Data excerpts
[Start of Attachment]

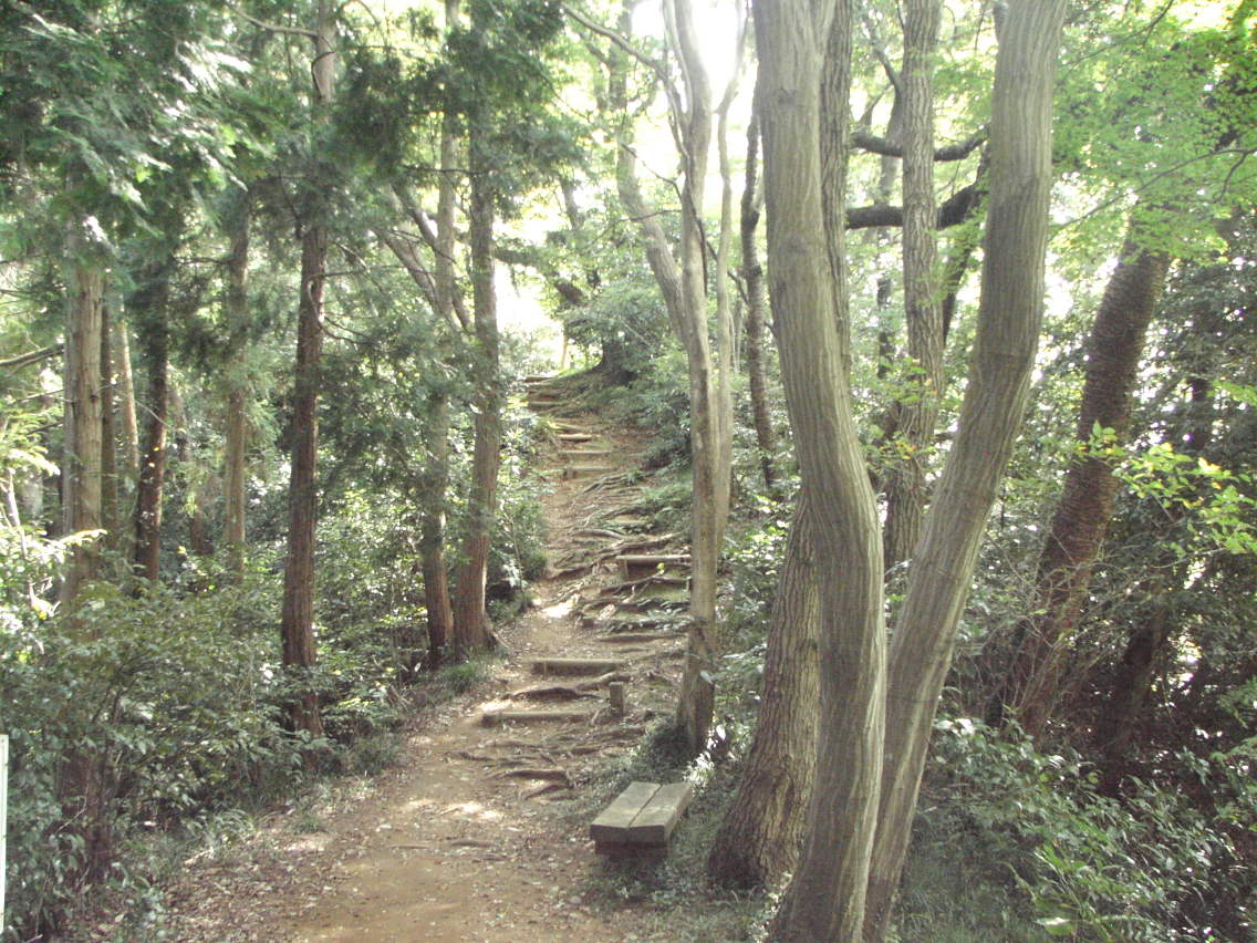 公園南口は、園地内の比較的標高の高いところの今泉台の住宅地との境にあります。「半僧坊下」バス停(JR大船駅から江ノ電バス「鎌倉湖畔循環」にて)までは100mほどです。南方向に天園ハイキングコースがあり、天園ハイキングコースの今泉台6丁目公園入口までは住宅地内を歩いて300mほど、今泉台4丁目入口までは500mほどです。住宅地内を東方向に1000mほど進むと六国見山の登山口に行くことができます。東方向に進み明月谷の道を下りていくと北鎌倉方面に至ります。JR北鎌倉駅までは25分ほどです。逆に上ってくる場合は35分くらいはかかるでしょう。 公園南口から園地に入り、階段の道を上ります。上りきったあたりで左に「パノラマの小径」が分岐します。案内標識もあります。その先、下りになった道を進むとすぐに鞍部になりまた道が分岐します。道なり方向の尾根筋の道が「馬の背の小径」、右方向に下っていく道が「のんびり小径」です。ここにも案内標識があり、道なり方向に「馬の背の小径 約700m」、右方向に「のんびり小径 約800m」とあります。 |
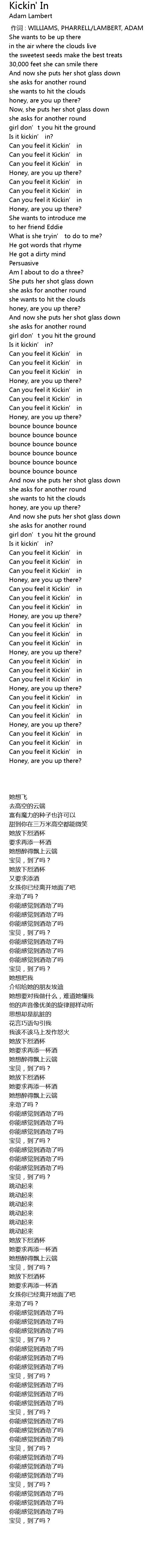 | [00:00.00] | 作词 : WILLIAMS, PHARRELL/LAMBERT, ADAM |
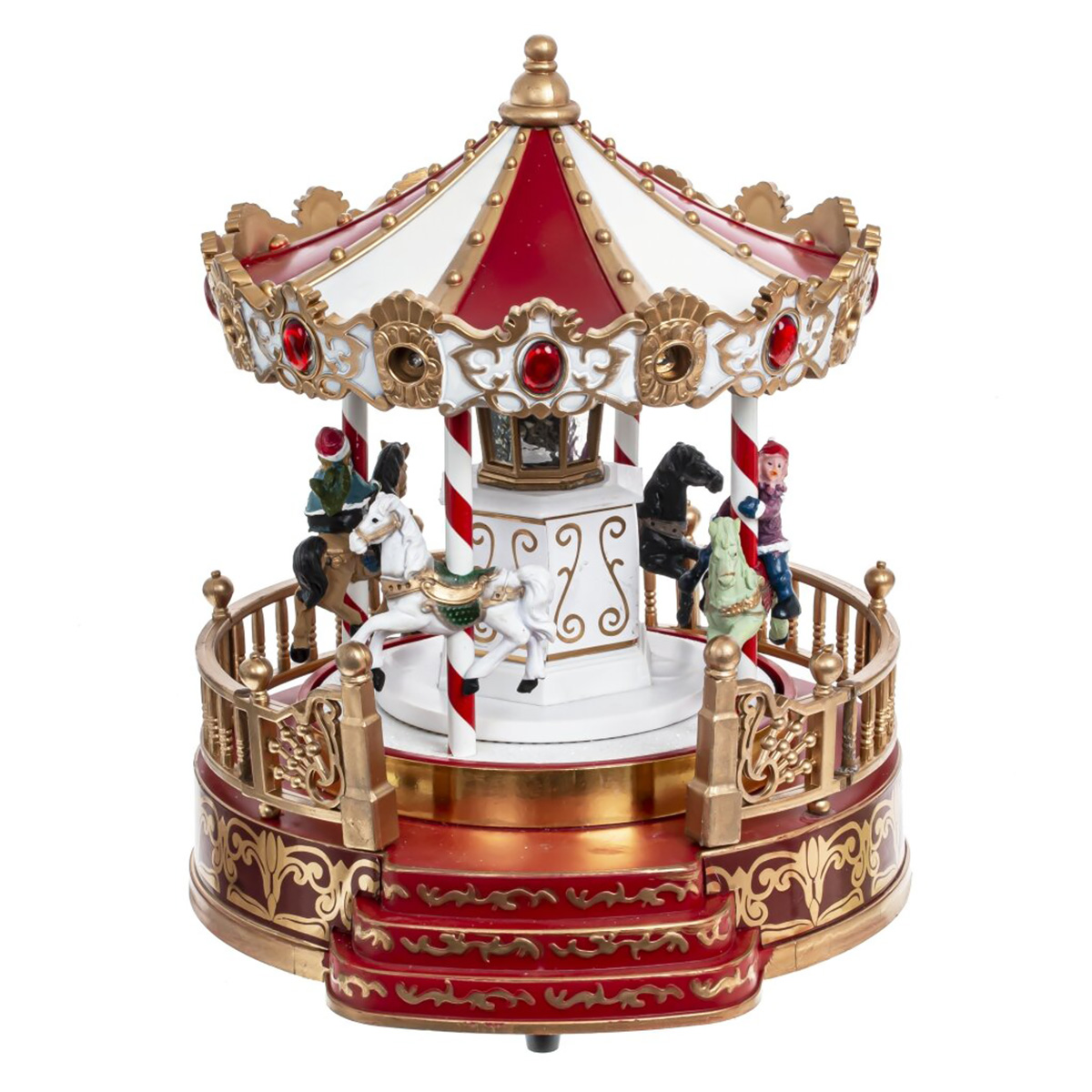 Карусель выполнена в ярких тонах, приковывающих к себе внимание. Резной купол украшен интересным орнаментом, на лошадках сидят веселые дети. Фигурка декоративная с подсветкой и функцией движения "Карусель", изготовлена из полимерных материалов. Работает от трех батареек АА {не прилагаются}.
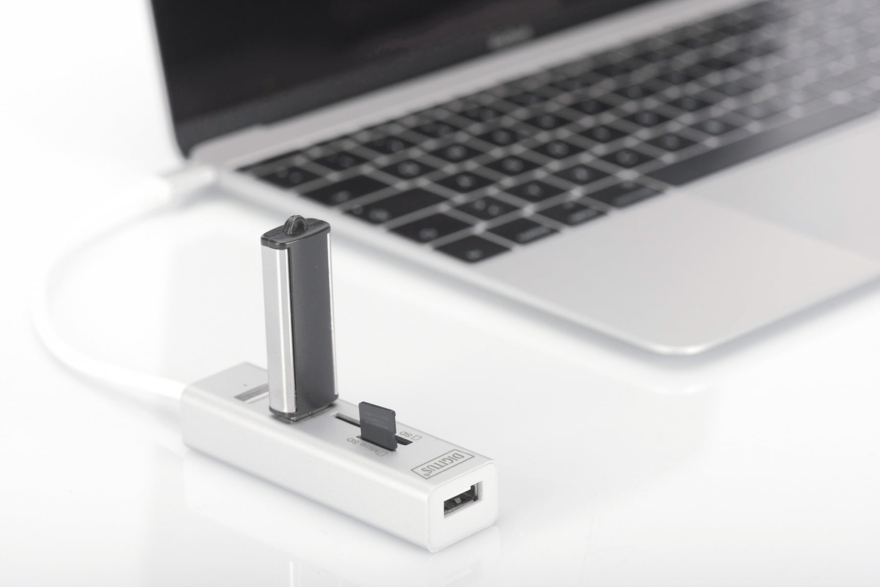Digitus DA-70243. Compatible memory cards: MicroSD (TransFlash), SD, Product color: White, Data transfer rate: 480 Mbit/s. Interface: USB 2.0. Width: 0.709″ (18 mm), Depth: 0.906″ (23 mm), Height: 0.63″ (16 mm). Package width: 3.35″ (85 mm), Package depth: 5.51″ (140 mm), Package volume: 535.5 cm³. Windows operating systems supported: Windows 10, Windows 10 Education, Windows 10 Education x64, Windows 10 Enterprise, Windows 10…, Mobile operating systems supported: Android
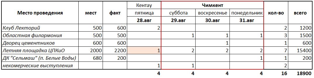 Итоговая таблица – места, даты, количество выступлений и зрителей по первой части казахстанских гастролей.
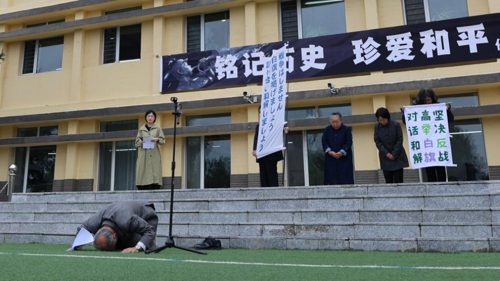 謝罪儀式現場,另有4名侵華日軍後代站在台上一同表達謝罪之情。他們手中舉着白旗,上面分別用中文、日文書寫着“堅決反戰、高舉白旗、對話和解”。
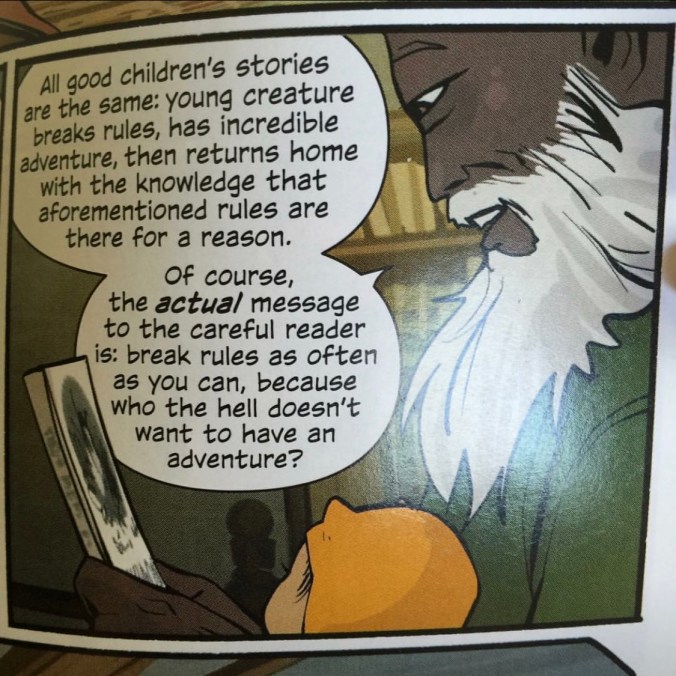 Brian K. Vaughan and Fiona Staples’s SAGA. If you haven’t heard of SAGA you must have been living under a rock for the past three years. This epic sci-fi/fantasy (for mature readers) follows new parents Marko and Alana (narrated by Hazel, their daughter) as they dodge those who don’t approve of their inter species family and seek to destroy them. Marko and Alana strive to create a loving family and figure out how parenthood works all while avoiding the battles going on around the universe due to a long running galactic war between their peoples. Goodreads.
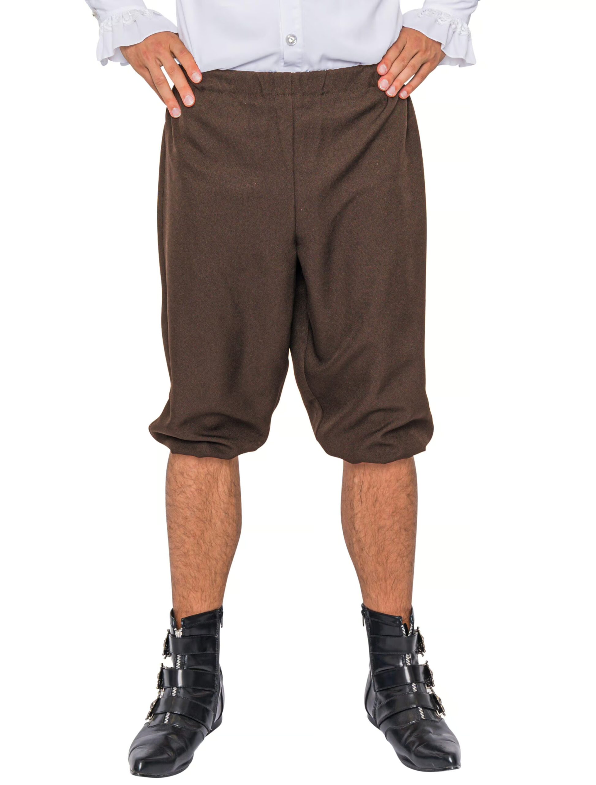 Zu einer Mottoparty mit Bezug zu Piraten ziehst Du die schlichte, braune Kniebundhose an. Sie ist mit einem Gummizug versehen und aus pflegeleichtem 100% Polyesterstoff. Du hast drei Größen zur Auswahl. In unserem Shop findest Du passend dazu, noch andere Kleidungsstücke und Accessoires. Wie wäre es mit einer reich verzierten Jacke? Anschließend präsentierst Du Dich als adeliger Herr. Die Hose kleidet auch Piraten auf Beutezug und Steampunk Gentlemen mit Zylinder.
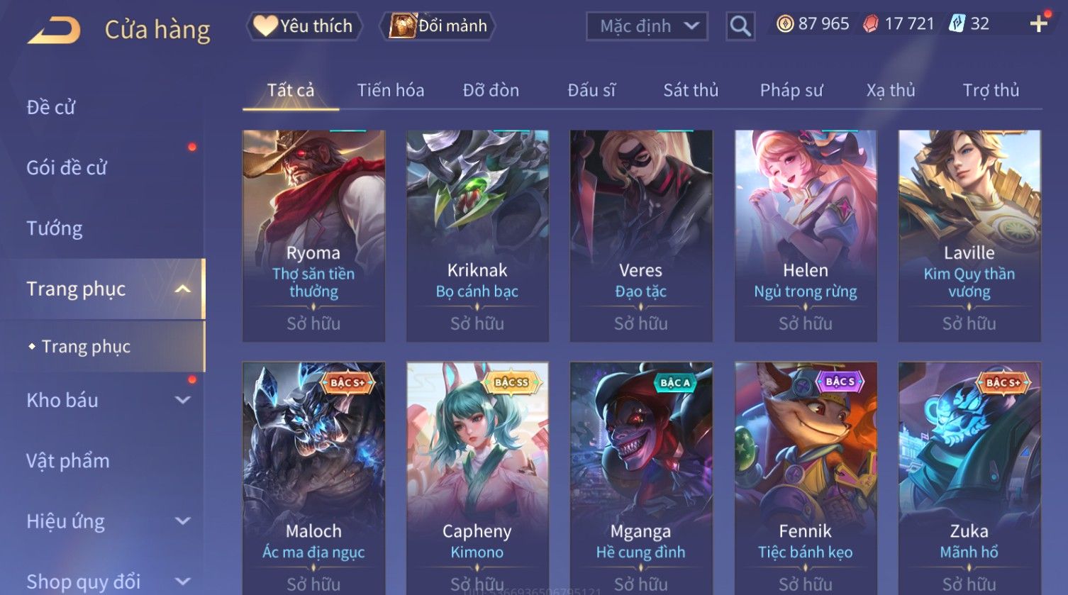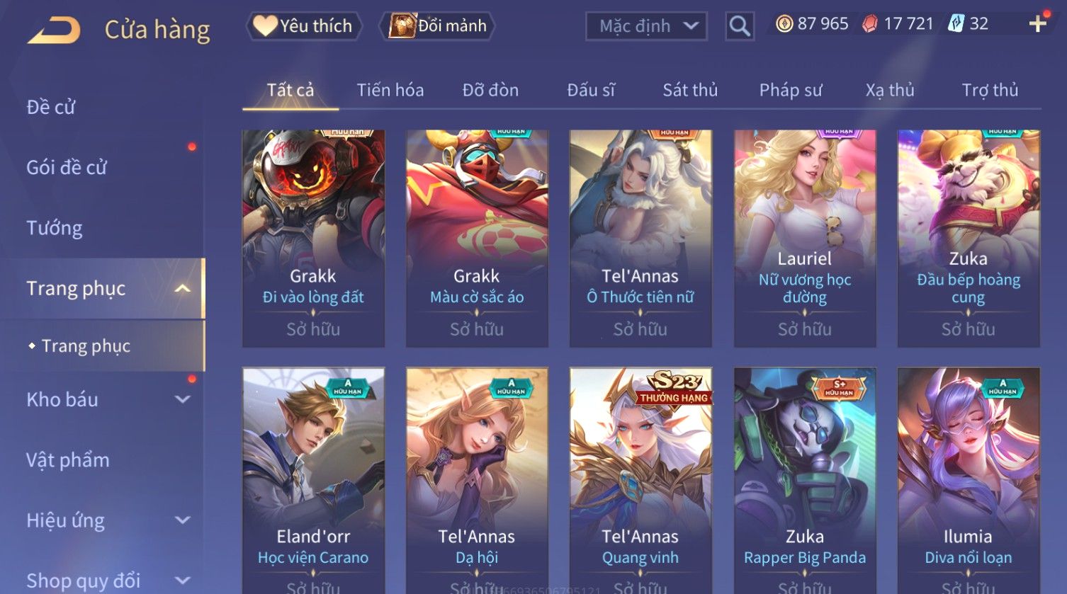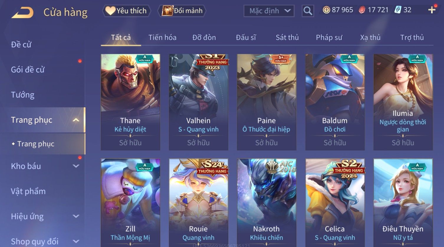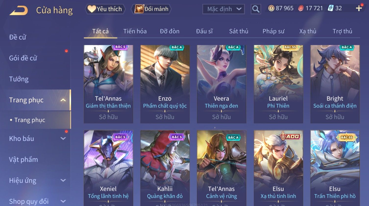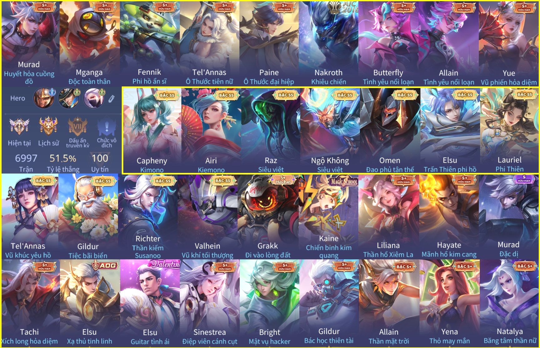 Nổi bật: Skin: Capheny Kimono×Airi Kiemono×Raz Siêu Việt×Ngộ Không Siêu Việt×Omen Đao Phủ Tận Thế×Elsu Trấn Thiên Phi Hồ×Lauriel Phi Thiên×Valhein Vũ Khí Tối Thượng×Tel'Annas Vũ Khúc Yêu Hồ×Richter Thần Kiếm Susanoo×Grakk Đi Vào Lòng Đất×Hayate Mãnh Hổ Kim Cang×Elsu Guitar Tình Ái×Full Ngọc, Nhiều Skin SS Đẹp

[End of Attachment]

● About this exercise:
Look above for the line with "Итоговая таблица –" and the line with "謝罪儀式現場,另有4名侵華日"; set down those two lines and all lines between them exactly, without pictures and without anything else.

● Solution for this exercise:
 Итоговая таблица – места, даты, количество выступлений и зрителей по первой части казахстанских гастролей.
 謝罪儀式現場,另有4名侵華日軍後代站在台上一同表達謝罪之情。他們手中舉着白旗,上面分別用中文、日文書寫着“堅決反戰、高舉白旗、對話和解”。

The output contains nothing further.